Люди без внутреннего сияния - Йенте Постюма
Огни в зале погасли, занавес открылся, спектакль начался. У одного из актеров, которому я пожимала руку, лицо было в черном гриме, а уши — с длинными острыми кончиками. Это был Мефистофель. Другой, менее известный актер играл Бога. Он был в блестящем костюме, чем-то похожем на мой диско-наряд, только он был не в шортах, а в брюках, и не розовых, а белых. Мефистофель рычал и кудахтал. Тут появился профессор Фауст, другой известный актер, который так гоготал надо мной. На сцене он в основном орал. Время от времени к ним выходила какая-то женщина, которая визжала так громко и пронзительно, что приходилось закрывать уши руками и от стыда прятать лицо в подушку. Фауст с восторгом смотрел на визжащую женщину. Дьяволу она тоже нравилась. Я этого не понимала, потому что моя мама была намного красивее. Но она должна была выйти позже. Я не знала точно, когда именно. В программке ее имя стояло в списке имен после слова «шлюхи». Моя мама ужасно радовалась этой роли, это была ее первая роль после моего рождения. До того, как я появилась на свет, она сыграла в нескольких пьесах и телесериалах, и тогда ее даже узнавали на улице. Но теперь уже нет.

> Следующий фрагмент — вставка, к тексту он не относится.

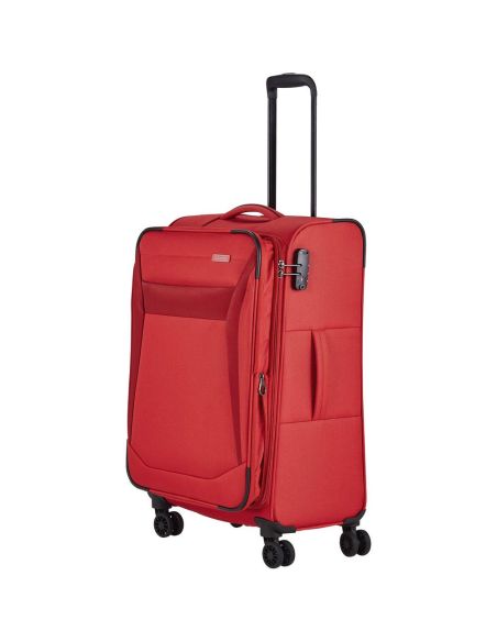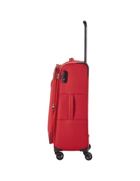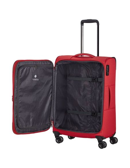 De Travelite Chios 4 Wiel koffer 67cm Expandable Rood is een veelzijdige reisgezel die zich perfect leent voor zowel vakantiegangers als zakenreizigers. Uitgerust met vier soepele roterende wielen en een telescopische trekstang, biedt de koffer moeiteloos transport, terwijl de handvaten aan de boven- en zijkant extra comfort en gebruiksgemak bieden.
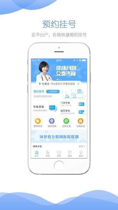 健康河北平台隶属于河北沁芳康健健康管理机构,是一款可以在移动终端上实现远程预约挂号的网上服务平台,健康河北平台可以选择不同的医院进行预约挂号操作,查看预约挂号记录,查询缴费单,检查检验单,医院、科室、专家信息,住院信息,价目表信息等。
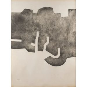 EDUARDO CHILLIDA (1924-2002) NITAZ, 1975 Eau-forte et aquatinte sur vélin d'Arches Signée et numérotée 9/50 Légère insolation sur les bords, quelques plis ondulés, petite déchirure dans le bord droit Etching and aquatint on Arches vellum Signed and numbered 9/50 Slight exposure to the edges, some wavy folds, small tear in the right edge 159,5 x 120,5 CM - 62 3/4 x 47 1/2 IN Provenance : Acquis auprès de la galerie Lelong Bibliographie : Van der Koelen 75003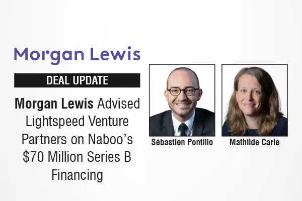 Morgan Lewis advised Lightspeed Venture Partners on its lead investment in Naboo’s $70 million Series B fund raise. The funding will accelerate the build-out of an AI-powered event procurement platform.

«Я должна постараться, — повторяла она все время. — Если я сейчас не смогу обратить на себя внимание, этого уже никогда не случится. Тогда мне лучше умереть». Вообще-то она довольно часто это говорила — что хочет умереть. Накануне премьеры она бродила по дому как привидение. Я никогда еще не видела ее настолько не сияющей.
Чтобы ее порадовать, я все время повторяла, что она красивей всех на свете. Мой отец пытался ее успокоить, уверяя, что все будет хорошо, что она будет на сцене совсем недолго и что текста у нее всего пара строчек, но это ее только злило. Один раз я спросила, чего она так боится. И тогда она улыбнулась. «Я никогда не боюсь», — сказала она.

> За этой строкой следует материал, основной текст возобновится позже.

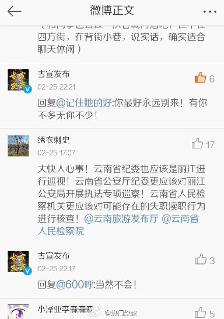 6张今年以来,云南旅游的各种负面新闻也被屡屡曝出。《女子在丽江遭暴打毁容,6名嫌疑人被批捕》、《因催促上菜生口角,丽江游客报警后遭店员暴打尾随》、《云南副省长参团旅游,被购物商店"1对1"强迫消费》等新闻在网络上被疯转。国家旅游局又点名批评丽江。通报称,全国旅游资源规划开发质量评定委员会决定给予丽江古城景区等3家5A级景区严重警告,限期6个月整改。

А я тем временем стала волноваться. Когда же наконец появятся шлюхи? Того, что мне ужасно хочется писать, я старалась не замечать. Может быть, мне удастся незаметно пробраться через весь зал в туалет в фойе. Где-то с краю позади меня тускло горела надпись «выход». Но выйти сейчас я не могла. Если бы я пропустила выступление моей мамы, она была бы страшно разочарована. Она же не просто так взяла меня с собой, да и такси было дорогое. Я покачивала крепко сжатыми ногами.
«Подумай про каникулы», — говорил мой отец, когда я плохо себя чувствовала. Сейчас я тоже попыталась это сделать. Я стала думать о божьих коровках, о том, как блестит на солнце мой диско-костюм, о большой стеклянной банке с карамельками в магазинчике во французском кемпинге, о длинной очереди голых людей в кассу. Одетыми там были только кассирша и я.

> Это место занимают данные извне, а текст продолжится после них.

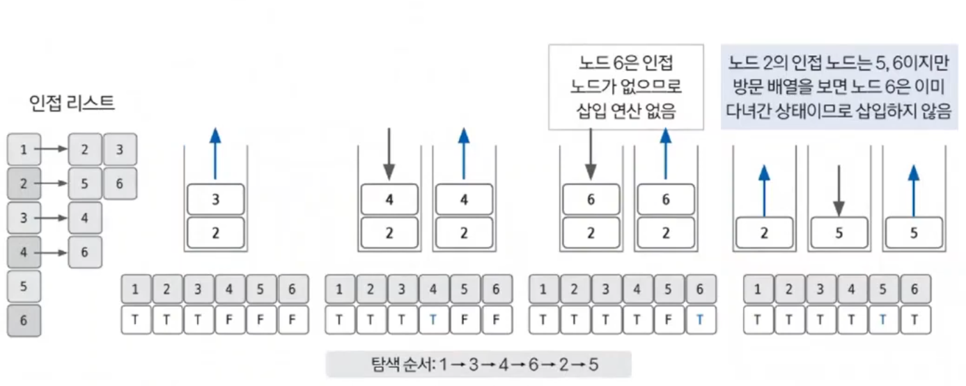 Tip) 스택에 노드를 삽입할 때 방문 배열을 체크하고, 스택에서 노드를 뺄 때 탐색 순서에 기록하며 인접 노드를 방문 배열과 대조한다.

Но все эти мысли не помогли, писать хотелось ужасно. Я напрягла все мышцы так сильно, что меня затрясло. На сцене запел ангельский хор. Голоса звучали так высоко, легко и чарующе, что я расслабилась. Ощущение было странное, как будто я сплю. Сиденье сначала потеплело, но очень быстро стало холодным и мокрым. Я подумала, что никто, возможно, ничего не заметит, если не шевелиться, так что я просто уставилась на сцену, вцепившись в подушку.
А что, если моя мама выйдет именно сейчас, вдруг подумала я, и увидит, что я описалась прямо в первом ряду. Что, если она испугается и собьется? Тогда все будет испорчено. Тогда она захочет умереть.
— Пожалуйста, Боженька, — прошептала я. — Сделай меня невидимой.
Может, он спрячет меня в одной из черных коробок и посадит сверху тролля? Визги на сцене становились все громче, а я все сильнее прижимала лицо к подушке. Даже резкий запах мочи как будто стал не таким резким.
Меня напугало странное ржание, и я только успела увидеть, как моя мама умчалась в кулисы. Мефистофель прогремел что-то непонятное и сделал в ее сторону пару хватательных движений. Бог в белом диско-костюме наблюдал за происходящим на расстоянии. «Почему он ничего не делает?» — подумала я, прежде чем встала и начала в темноте пробираться к выходу.
— Тебе понравилось? — спросила меня мама в фойе, когда все закончилось. Она отпила большой глоток вина и беспокойно посмотрела по сторонам.
Мое красное платье успело высохнуть, но пахло до сих пор странно, а ноги были липкими. Я судорожно отодвинулась от мамы, раздумывая над ответом.
— Да, — сказала я наконец.
Моя мама тем временем уже повернулась ко мне спиной и не сводила глаз с двери, из которой только что появились исполнители главных ролей. Она замахала им и крикнула:
— Ребята, сюда!
Они помахали ей в ответ и направились к бару, к актрисе, которая так визжала на сцене. Она была ужасно веселой. А когда говорила, все время клала свою руку на руку Мефистофеля, который уселся рядом с ней.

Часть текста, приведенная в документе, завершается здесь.